- _WHAT THIS TASK INVOLVES_
What is needed here is an exact printout of the data, with no pictures included.

(Records contained in a dataset)
# # # # #

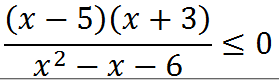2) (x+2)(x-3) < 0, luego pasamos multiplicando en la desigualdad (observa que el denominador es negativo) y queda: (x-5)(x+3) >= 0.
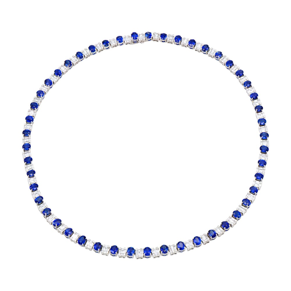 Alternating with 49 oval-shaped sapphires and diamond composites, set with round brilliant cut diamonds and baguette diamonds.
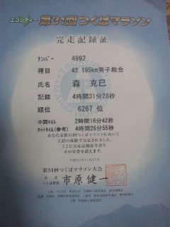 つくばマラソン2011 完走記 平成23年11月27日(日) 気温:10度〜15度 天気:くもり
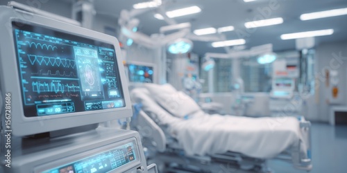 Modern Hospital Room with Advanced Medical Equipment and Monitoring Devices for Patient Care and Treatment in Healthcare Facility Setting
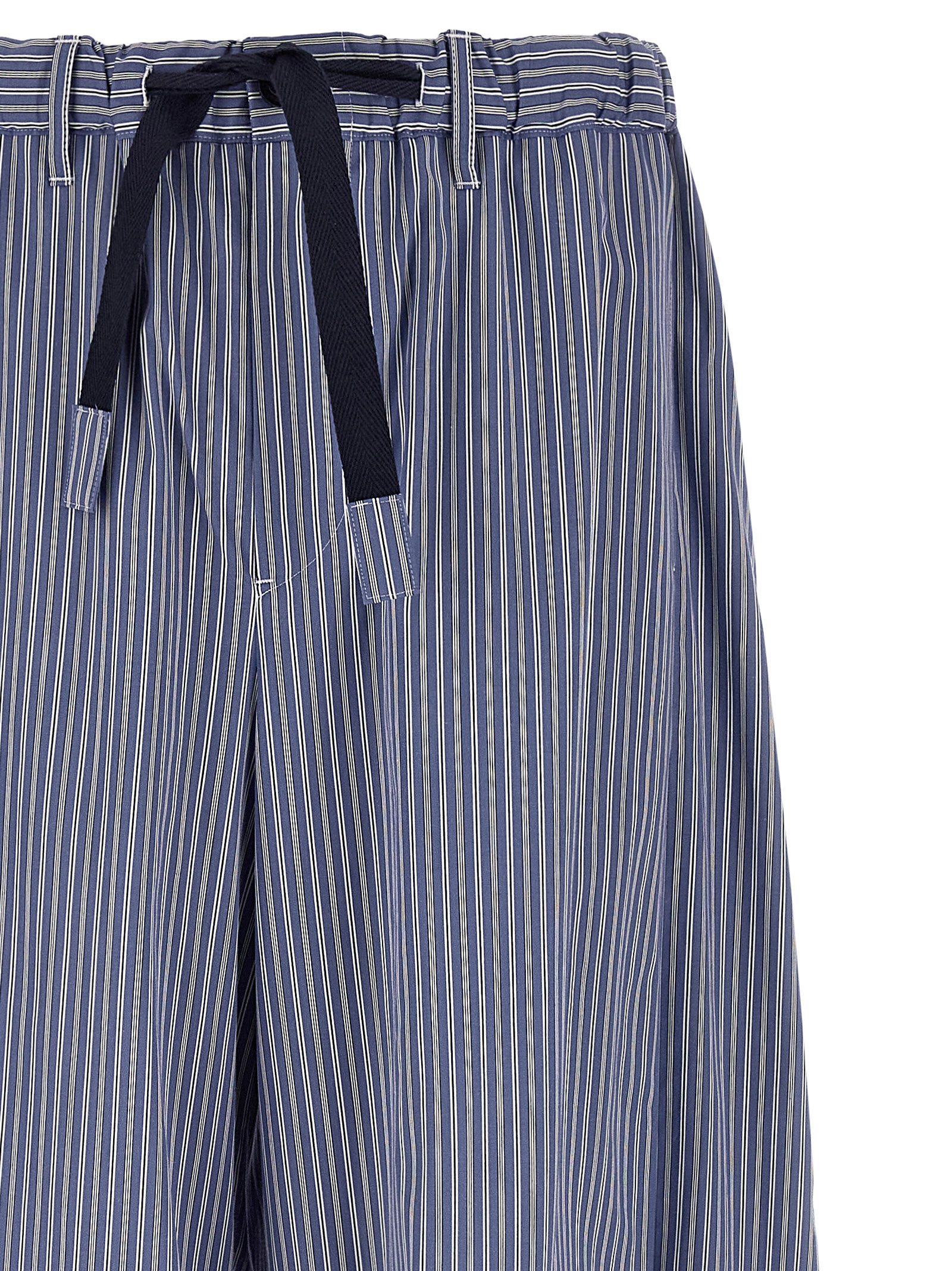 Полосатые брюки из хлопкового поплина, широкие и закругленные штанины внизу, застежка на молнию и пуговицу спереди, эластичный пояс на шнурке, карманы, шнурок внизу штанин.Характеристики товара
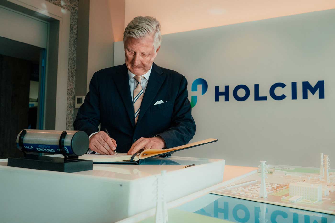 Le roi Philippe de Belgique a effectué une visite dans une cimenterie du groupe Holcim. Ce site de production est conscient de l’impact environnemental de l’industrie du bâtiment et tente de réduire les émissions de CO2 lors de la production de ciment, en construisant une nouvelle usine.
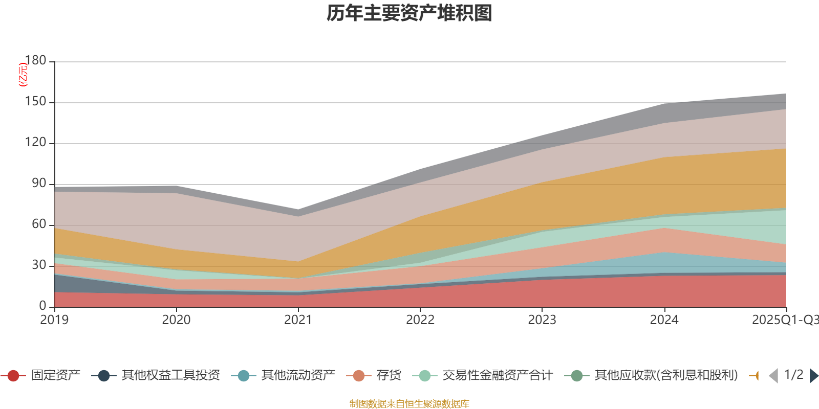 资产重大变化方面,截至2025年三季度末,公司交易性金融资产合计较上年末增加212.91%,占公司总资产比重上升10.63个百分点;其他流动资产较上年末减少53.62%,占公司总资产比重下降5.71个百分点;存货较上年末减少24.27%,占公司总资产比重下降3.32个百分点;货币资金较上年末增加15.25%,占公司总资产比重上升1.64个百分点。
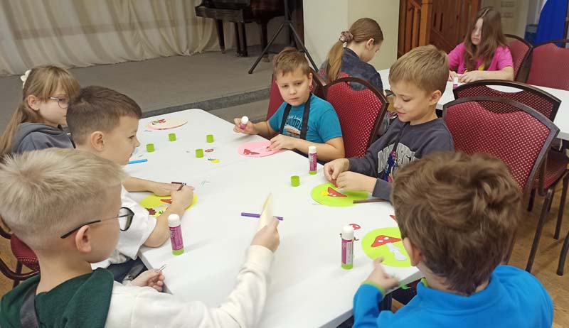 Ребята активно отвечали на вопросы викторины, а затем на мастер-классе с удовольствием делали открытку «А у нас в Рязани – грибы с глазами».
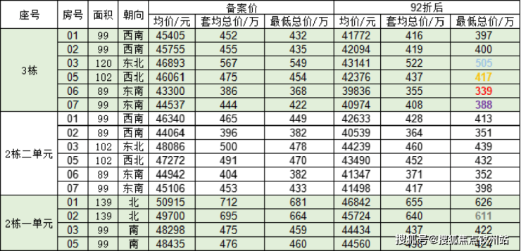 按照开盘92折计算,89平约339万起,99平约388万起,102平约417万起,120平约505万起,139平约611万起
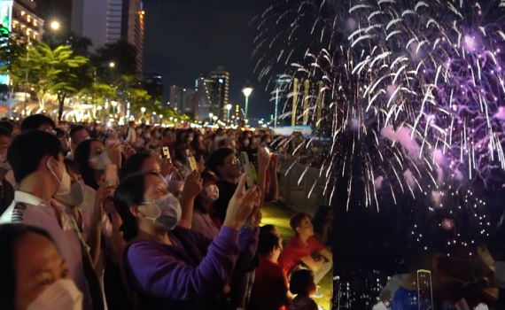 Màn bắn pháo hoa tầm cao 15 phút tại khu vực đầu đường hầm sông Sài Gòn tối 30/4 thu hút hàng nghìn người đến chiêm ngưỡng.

# # # # #

- _ANSWER TO THIS PROBLEM_
2) (x+2)(x-3) < 0, luego pasamos multiplicando en la desigualdad (observa que el denominador es negativo) y queda: (x-5)(x+3) >= 0.
 Alternating with 49 oval-shaped sapphires and diamond composites, set with round brilliant cut diamonds and baguette diamonds.
 つくばマラソン2011 完走記 平成23年11月27日(日) 気温:10度〜15度 天気:くもり
 Modern Hospital Room with Advanced Medical Equipment and Monitoring Devices for Patient Care and Treatment in Healthcare Facility Setting
 Полосатые брюки из хлопкового поплина, широкие и закругленные штанины внизу, застежка на молнию и пуговицу спереди, эластичный пояс на шнурке, карманы, шнурок внизу штанин.Характеристики товара
 Le roi Philippe de Belgique a effectué une visite dans une cimenterie du groupe Holcim. Ce site de production est conscient de l’impact environnemental de l’industrie du bâtiment et tente de réduire les émissions de CO2 lors de la production de ciment, en construisant une nouvelle usine.
 资产重大变化方面,截至2025年三季度末,公司交易性金融资产合计较上年末增加212.91%,占公司总资产比重上升10.63个百分点;其他流动资产较上年末减少53.62%,占公司总资产比重下降5.71个百分点;存货较上年末减少24.27%,占公司总资产比重下降3.32个百分点;货币资金较上年末增加15.25%,占公司总资产比重上升1.64个百分点。
 Ребята активно отвечали на вопросы викторины, а затем на мастер-классе с удовольствием делали открытку «А у нас в Рязани – грибы с глазами».
 按照开盘92折计算,89平约339万起,99平约388万起,102平约417万起,120平约505万起,139平约611万起
 Màn bắn pháo hoa tầm cao 15 phút tại khu vực đầu đường hầm sông Sài Gòn tối 30/4 thu hút hàng nghìn người đến chiêm ngưỡng.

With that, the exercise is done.